El número de fallecidos en Euskadi a causa de las temperaturas extremas ha ascendido a quince, tras la muerte de un residente en Álava. La ola de calor que se sufre desde el jueves ha provocado graves problemas de salud a decenas de personas.
Según el sistema de monitorización de la mortalidad diaria por todas las causas (MoMo) del Ministerio de Sanidad, en Euskadi murieron catorce personas entre el pasado viernes y el lunes. El fallecido este miércoles en Álava no está incluido en esa cifra. Esta herramienta, creada en 2004, registra el efecto de las temperaturas excesivas en la vida de las personas comparando la mortalidad diaria observada con la esperada.
Es probable que la cifra de defunciones sea mayor al cierre de la actual onda térmica, ya que se prevé que las altas temperaturas se mantengan al menos hasta el jueves. El Gobierno vasco ha incrementado la alerta a naranja en la zona cantábrica interior debido a la persistencia de temperaturas elevadas. La situación en Francia es similar, con 7 muertes atribuidas a la ola de calor.
Osakidetza, por su parte, había atendido desde el viernes hasta las 19:00 horas de este miércoles a 103 personas debido a los elevados valores térmicos, de las cuales 40 tuvieron que ser trasladadas a un centro hospitalario. Las edades de los asistidos han oscilado entre los 2 y los 98 años.
“"Lo habitual es que estos fallecidos sean enfermos crónicos con pluripatología a quienes las altas temperaturas provocan una descompensación severa.

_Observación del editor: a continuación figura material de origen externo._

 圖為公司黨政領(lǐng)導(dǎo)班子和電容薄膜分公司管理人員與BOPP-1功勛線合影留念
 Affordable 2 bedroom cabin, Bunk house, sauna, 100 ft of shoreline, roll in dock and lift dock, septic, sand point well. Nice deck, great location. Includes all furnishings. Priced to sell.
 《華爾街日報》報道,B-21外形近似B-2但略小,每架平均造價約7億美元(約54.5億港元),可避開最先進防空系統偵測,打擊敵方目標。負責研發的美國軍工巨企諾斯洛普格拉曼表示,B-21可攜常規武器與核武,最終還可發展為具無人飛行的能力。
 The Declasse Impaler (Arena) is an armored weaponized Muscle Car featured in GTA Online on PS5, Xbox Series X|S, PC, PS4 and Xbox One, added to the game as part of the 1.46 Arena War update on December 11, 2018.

También pueden morir por estos episodios personas que practiquen deporte al aire libre o trabajen y tengan una exposición prolongada al sol."

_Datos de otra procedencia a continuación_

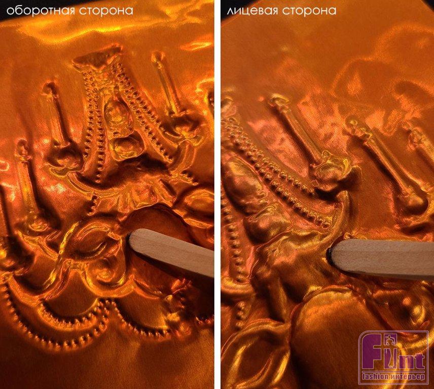 Особый способ домашнего изготовления чеканок базировался на том, что для основы советские люди придумали брать не настоящую толстую листовую медь или латунь, а что-то более тонкое, почти фольгу, в современном понимании. Такой тонкий материал можно было продавить любым подходящим предметом, и даже обычной шариковой ручкой. Но выполненная по такой упрощённой технологии и правильно оформленная чеканка внешне практически ничем не отличалась от настоящих чеканных панно. Сегодня мы предлагаем вам возродить старую технологию и сделать невероятно красивое чеканное полотно для украшения интерьера, потратив на это совсем немного средств и сил.
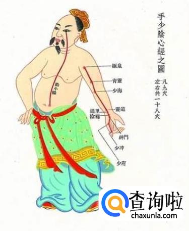 第五张图是【手少阴心经图】。其口诀为:手少阴心起极泉,青灵少海灵道全,通里阴郄神门下,少府少冲小指边。这是六张图中穴位最少且口诀也较为好记的一张图,大家加油哦。
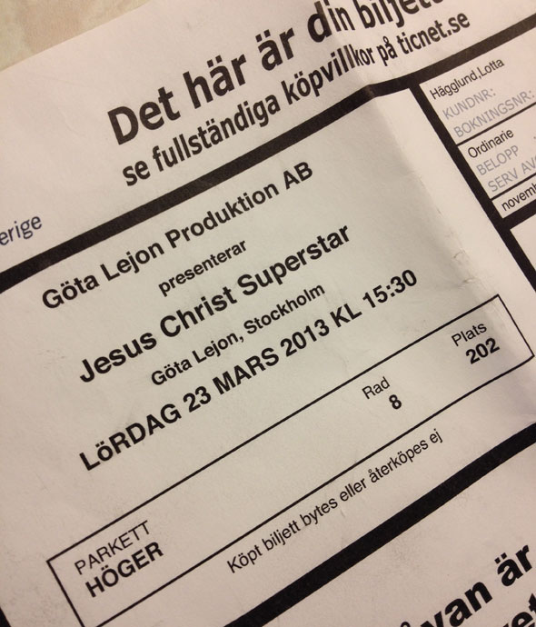 I fredags bar det iväg till huvudstaden för att, för tredje gången beskåda Jesus Christ Superstar. L, som varit med de tidigare gångerna, var med även nu men vi hade dessutom ”lurat” med oss två andra kompisar. De gav dock inte intryck av att känna sig lurade när föreställningen var slut. 🙂
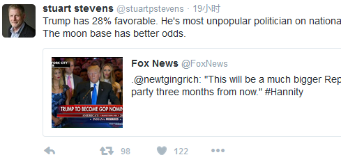 “我认为,唐纳德·特朗普已被证明是一个心理不平衡的人,完全不具备当总统的资格。我不会支持他,”斯图尔特·史蒂文斯(Stuart Stevens)在周二晚接受记者采访时说,他曾为罗姆尼2012年总统竞选做战略策划。“每个人都必须做出自己的选择。我认为特朗普令人厌恶,将被证明是共和党的灾难。我呼吁大家继续反对他?!?/p>
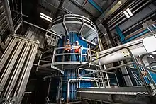 On June 22, 2022, the first experiment at FRIB, which studied the beta decay of calcium-48 fragments that are so unstable that they only exist for mere fractions of a second, concluded successfully.[21] FRIB's first scientific user experiment had participation from Argonne National Laboratory, Brookhaven National Laboratory, Florida State University, FRIB, Lawrence Berkeley National Laboratory, Lawrence Livermore National Laboratory, Louisiana State University, Los Alamos National Laboratory, Mississippi State University, Oak Ridge National Laboratory, and the University of Tennessee. On November 14, 2022, the results of the first experiment were published in Physical Review Letters.[22][23]
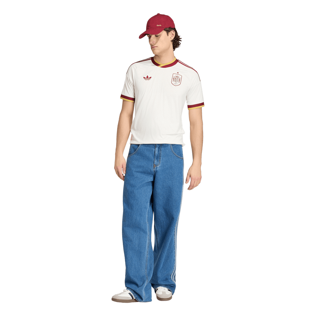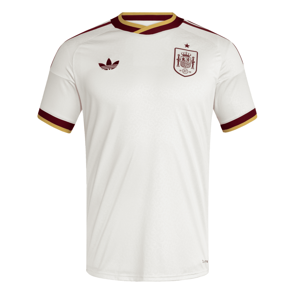 A celebration of classic Spanish literature, this adidas Spain 26 Away Jersey stands out with an intricate, repeating pattern inspired by old manuscripts and time-worn book pages.

Por provincias, Bizkaia concentra la mayoría de los fallecidos recogidos por el Ministerio de Sanidad vinculados al actual episodio térmico. Esta provincia también ha registrado las temperaturas más elevadas. El pasado viernes, la estación de Euskalmet en Sodupe (Güeñes) alcanzó los 39,1 grados, su récord histórico para un mes de mayo.
A nivel sanitario, los colectivos más vulnerables al calor son los niños (hasta 4 años), las personas mayores y los enfermos con patologías crónicas. Se recomienda evitar la exposición prolongada al sol, protegerse con gorros, hidratarse frecuentemente y ventilar la casa por la noche.
Un golpe de calor se produce cuando la temperatura corporal supera los 40 grados tras una exposición prolongada a altas temperaturas. Los síntomas más frecuentes incluyen cefaleas, visión borrosa, náuseas y vómitos, y en casos graves, inconsciencia. En caso de sufrir un golpe de calor, se debe llamar a emergencias y, mientras llega la ayuda, trasladar a la persona a un lugar fresco y aplicar paños húmedos.